BaseModelOutput(last_hidden_state=tensor([[[ 0.2144,  0.1988,  0.4698,  ..., -0.6093,  0.0833, -0.2972],
         [-0.7298, -0.2909,  0.5778,  ..., -0.7779, -1.0305,  0.6958],
         [-0.4656,  1.5761,  0.7879,  ..., -1.2832, -1.3338,  0.2423],
         ...,
         [-2.1313, -2.2690,  1.0858,  ..., -2.5149,  0.6685,  1.2669],
         [-0.8647, -1.3122,  1.1420,  ..., -2.2087,  0.6550,  0.4402],
         [-0.5195, -0.1150,  1.1479,  ..., -1.3523, -0.8522, -1.1070]]],
       grad_fn=<MulBackward0>), hidden_states=None, attentions=None)

In [43]:
make_plot(lang_multi,Umap(2),bazaarvoice_titles) | make_plot(lang_multi,Umap(2),calls_texts) | make_plot(lang_multi,Umap(2),conversations)

In [6]:
df = lang_use[texts].transform(Umap(2)).to_dataframe().reset_index()
df.columns = ['text', 'd1', 'd2']
df['label'] = ''
df.shape[0]

1087

We are now going to be labelling!

# Fancy interactive drawing! 

We'll be using Vincent's infamous [human-learn library](https://koaning.github.io/human-learn/guide/drawing-features/custom-features.html) for this. First we'll need to instantiate some charts.

Next we get to draw! Drawing can be a bit tricky though, so pay attention. 

1. You'll want to double-click to start drawing. 
2. You can then click points together to form a polygon. 
3. Next you need to double-click to stop drawing. 

This allows you to draw polygons that can be used in the code below to fetch the examples that you're interested in.

## Rerun

This is where we will start labelling. That also means that we might re-run this cell after we've added labels.

In [26]:
from hulearn.experimental.interactive import InteractiveCharts

charts = InteractiveCharts(df.loc[lambda d: d['label'] == ''], labels=['group'])

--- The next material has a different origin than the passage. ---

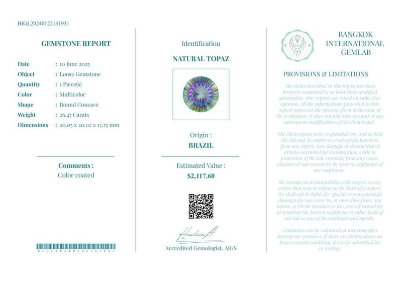 26.47 CARATS CERTIFIED NATURAL TOPAZ Gemstone : Natural TopazCertificate Number : Bigl20240122131931Weight : 26.47 CaratsColor : MulticolorMeasurement : 20.05 X 20.02 X 13.25 MmShape : Round ConcaveQuantity : 1 PieceOrigin : BrazilComments : Color Coated• Use The Qr Code On The Packaging To View And Download The Certificate. • Verify Report Online At Www.Bangkokinternationalgemlab.Co 0+15

charts.add_chart(x='d1', y='d2')

We can now use this selection to retreive a subset of rows. This is a quick varification to see if the points you select indeed belong to the same cluster.

In [23]:
from hulearn.preprocessing import InteractivePreprocessor
tfm = InteractivePreprocessor(json_desc=charts.data())

df.pipe(tfm.pandas_pipe).loc[lambda d: d['group'] != 0].sample(10)

Unnamed: 0,text,d1,d2,label,group
195,can you tell me your age?,8.330536,-7.792078,,1
190,From where did you come?,8.228561,-4.920124,,1
947,Where did you come from?,8.244767,-4.900227,,1
151,what is your birthday?,7.743145,-7.129227,,1
479,how old are u,7.773867,-7.961021,,1
797,What area are you from?,8.29266,-5.523428,,1
461,can you tell me what number represents your age?,8.243992,-7.800375,,1
663,What city are you in?,8.151293,-5.675588,,1
120,do you know how old you are?,7.778389,-7.997067,,1
141,what is your exact age?,8.266831,-7.720518,,1


If you're confident that you'd like to assign a label, you can do so below. 

In [24]:
label_name = 'origin'

In [25]:
idx = df.pipe(tfm.pandas_pipe).loc[lambda d: d['group'] != 0].index

df.iloc[idx, 3] = label_name

print(f"We just assigned {len(idx)} labels!")

We just assigned 100 labels!


That's it! You've just attached a label to a group of points! 

## Rerun 

You can now scroll up and start relabelling clusters that aren't assigned yet. Once you're confident that this works, you can export by running the final code below.

In [22]:
df.head()

Unnamed: 0,text,d1,d2,label
0,What languages can you communicate in?,2.727605,-0.036231,
1,what u can do?,10.641682,5.367977,
2,What exactly is my name?,14.029011,1.462056,
3,What does Rasa make?,24.505444,6.782425,
4,can you help me?,8.584467,4.582135,


In [168]:
df.to_csv("first_order_labelled.csv")

## Final Notes

There's a few things to mention. 

1. This method of labelling is great when you're working on version 0 of something. It'll get you a whole lot of data fast but it won't be high quality data. 
2. The use-case for this method might be at the start of design a virtual assistant. You've probably got data from social media that you'd like to use as a source of inspiration for intents. This is certainly a valid starting point but you should be aware that the language that folks use on a feedback form is different than the language used in a chatbox. Again, these labels are a reasonable starting point, but they should not be regarded as ground truth. 
3. Labelling is only part of the goal here. Another big part is understanding the data. This is very much a qualitative/human task. You might be able to quickly label 1000 points in 5 minutes with this technique but you'll lack an understanding if you don't take the time for it.